First, this bill removes the requirement for DOE to “promulgate regulations regarding vulnerability reporting processes for products tested and identified under the Cyber Sense program” that was found in §1106(b)(3). Both bills contain provisions requiring DOE to “establish and maintain cybersecurity vulnerability reporting processes and a related database” {(b)(2) in the respective sections}.

Second, this bill adds a requirement for DOE to “provide reasonable notice to the public, and solicit comments from the public, prior to establishing or revising the Cyber Sense testing process” {§2(b)(6)}.

Finally, in the disclosure protection paragraph, there are two changes. The first is structural; since the language in §1106(c) referred to the disclosure reporting regulations that are not included in HR 5239, the disclosure protection language now refers to the broader vulnerability reporting processes and database in §2(b)(2). Second, the language specifically prohibiting disclosure under “section 552(b)(3) of title 5, United States Code, and any State, tribal, or local law requiring disclosure of information or records” {§1106(c)} has been removed in the new bill.

Moving Forward

Both Latta and his co-sponsor, Rep McNerney (D,CA) are senior members of the Energy and Commerce Committee to which this bill was assigned for consideration. Thus, it would seem likely that they would have the influence necessary to have the bill considered by Committee. There are no provisions in the bill that would draw the specific ire of the regulated community, so I suspect that there would be bipartisan support for this bill both in the Committee and before the full House.

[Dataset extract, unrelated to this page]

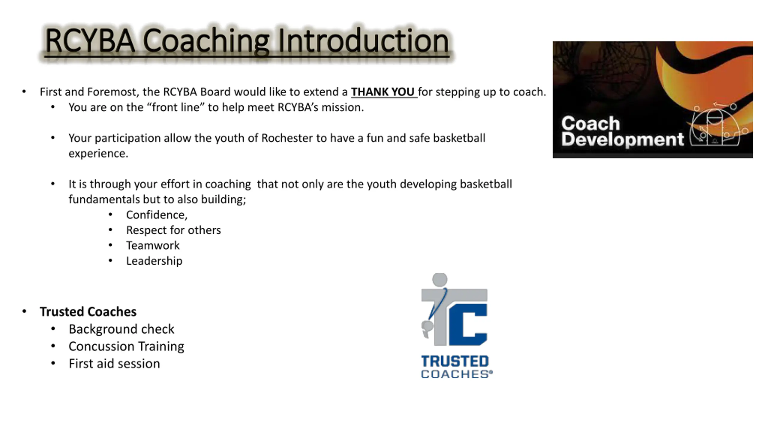 RCYBA Coaching Introduction RCYBA Coaching Introduction First and Foremost, the RCYBA Board would like to extend a THANK YOU for stepping up to coach. You are on the front line to help meet RCYBA s mission. Your participation allow the youth of Rochester to have a fun and safe basketball experience. It is through your effort in coaching that not only are the youth developing basketball fundamentals but to also building; Confidence, Respect for others Teamwork Leadership Trusted Coaches Background check Concussion Training First aid session

The vulnerability reporting requirements of the earlier bill were going to be problematic, because the regulated community has very little to do with the disclosure and reporting of vulnerabilities. Establishing effective regulations for vulnerability reporting would have to be targeted at either the independent researcher community (which is increasingly international in scope) or the manufacturers of the affected devices (which is very much international).

The earlier attempt to bring vulnerability reporting for Cyber Secure devices under the disclosure rules of the Critical Energy/Electric Infrastructure Information (CEII) program was doomed to failure. First, the CEII program only prohibits information disclosure by Federal, State and local governments agencies (including, of course FERC and NERC). It would not preclude independent researchers or vendors from releasing vulnerability information.

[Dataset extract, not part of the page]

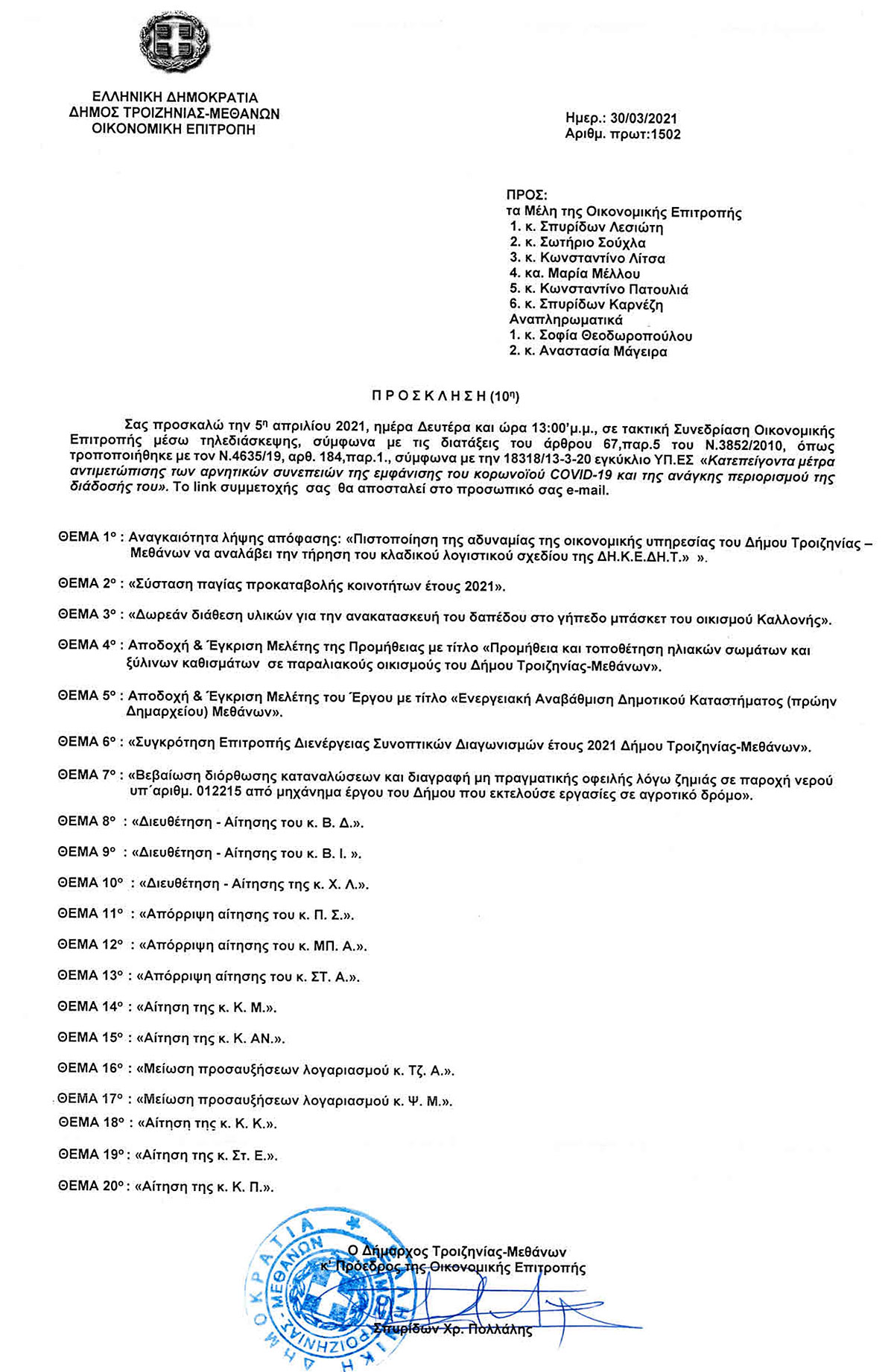 10η Τακτική Συνεδρίαση, Δευτέρα 5 Απριλίου 2021

The interesting thing about the CEII provisions of both of these bills is that there might end up being unintended effects on ICS-CERT. A large portion of the devices that would likely be tested under the cyber sense program would also be used in control systems in other industries not directly affected by the CEII program. If ICS-CERT were notified by the operator of the Cyber Sense program (NERC?) of vulnerabilities reported under §2(b)(2), they would not be able share that information under their normal alert/advisory publication program. Similarly, if ICS-CERT were to share information with the Cyber Sense program, it could be argued that they could not subsequently share that information with the wider industrial control system community.

What the program should be required to do instead of labeling the vulnerabilities as CEII would be to require notifications to be made to registered members of the bulk power industry and then after a set period of time (two months?) the Cyber Sense operator would be required to notify ICS-CERT for general vulnerability publication for the remaining affected industries. Similarly, ICS-CERT would be required to check vulnerability disclosures to see if they involve Cyber Sense listed devices. If so, they would be required to first notify the Cyber Sense operator and withhold general industry notification for the same set period of time.